SPRINGDALE, Ark. — Over one hundred people gathered at the Luther Grove Park in Springdale before setting off on a march down Emma Avenue towards the Harvey and Bernice Jones Center for Families in honor of Doctor Martin Luther King Junior.
Dr. King would have been 93 on Jan. 15 if his life was not tragically cut short 54 years ago. Doctor King was killed helping fight for the rights of exploited sanitation workers in Memphis, Tennessee – today, we continue to honor his memory and legacy of fighting for the equality of all people.
“We commemorate these people who gave their life for something, and stood for something like civil rights or people’s rights,” said Samuel Rivera Lopez, Springdale Community Organizer. “That’s a beautiful thing to stand for.”
The celebration in Springdale attracted the attention of people from all walks of life who continue to stand for the support of others and the path forward.
“We actually cannot do this without each other,” said local actress Natosha Devon. “We actually can’t move forward in a positive way unless we’re all in the room, we’re all a part of the conversation. We’re all moving forward together,” Devon continued.
This message and idea were on full display today. Organizers gave Springdale community members a “Courage of a King” award for their embodiment of courage, leadership, service and love.
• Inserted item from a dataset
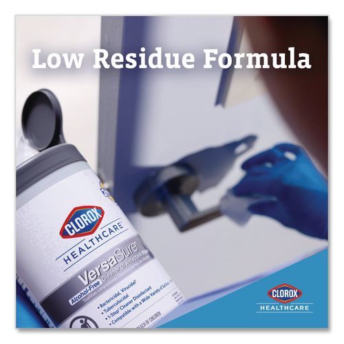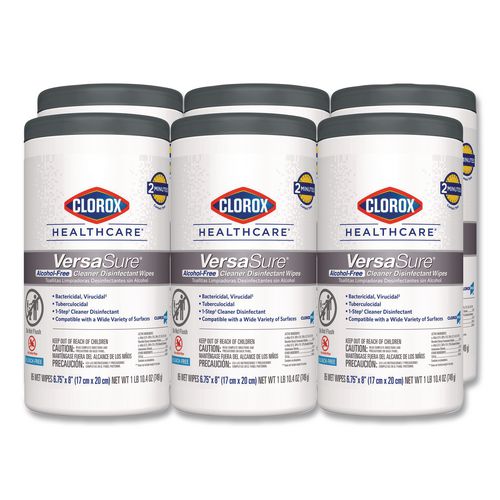 Clorox Healthcare® VersaSure Cleaner™ Disinfectant Wipes kill over 40 pathogens quickly on a broad range of surfaces. These strong and durable clothlike wipes are your alcohol-free solution to cleaning and disinfecting. VersaSure wipes are EPA registered to kill pathogens on hard surfaces in as fast as 30 seconds for most bacteria and viruses, including mumps, measles, MRSA and tuberculosis. These one step disinfecting wipes meet EPA efficacy testing requirements for hospital disinfection, making them great for daily use in your healthcare facility. Designed for patient and staff comfort, the alcohol free quat formula is made with no harsh chemical odors, fumes or added fragrances. The nonwoven wipe does not leave lint on surfaces, and the larger wipe covers more surface area with less effort. Intended for use in healthcare settings.

During the presentation, Devon presented a monologue in which she portrayed Coretta Scott King, the late wife of Martin Luther King Jr., an activist herself. Devon said the opportunity to represent King was an honor and helped shine a positive light on the women who are sometimes overshadowed by the men from this time.
“We often talk about, the men of the movement, and I think that’s wonderful, but there’s so many women like Coretta Scott King, Myrlie Evers, who did so much work on the back end and it was great to be able to share that,” says Devon.
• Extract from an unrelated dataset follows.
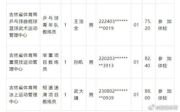 可以称呼大靖“武指导”了!根据吉林省体育局公告显示,中国短道速滑奥运冠军武大靖参加直属事业单位公开招聘面试,拿到了88分。这意味着,公示之后,武大靖将成为吉林省体育局冰上运动管理中心短道速滑项目的教练员。不出意外的话,他将以新的身份出现在赛场上。

For the event organizer, Alice Gachuzo-Colin, today’s celebration was more than just spreading the message of Doctor King to her community, the day is also personal. As the daughter of one of the first bi-racial couples in Springdale, Gachuzo-Colin remembers the struggles her family overcame.
“To me, every day I get to say, ‘I live a piece of Doctor King’s dream’ because my parents have literally lived it out in front of me,” said Gachuzo-Colin.
However, she feels right at home here in Springdale and has watched it grow into a community that she says, “is a true, true embodiment of Doctor King and everything he fought for.”
After last year’s event was moved virtually, Gachuzo-Colin was excited to be back in person this year and cannot wait to see what the future has in store for spreading the message of Doctor King – not only on Martin Luther King Day but every day.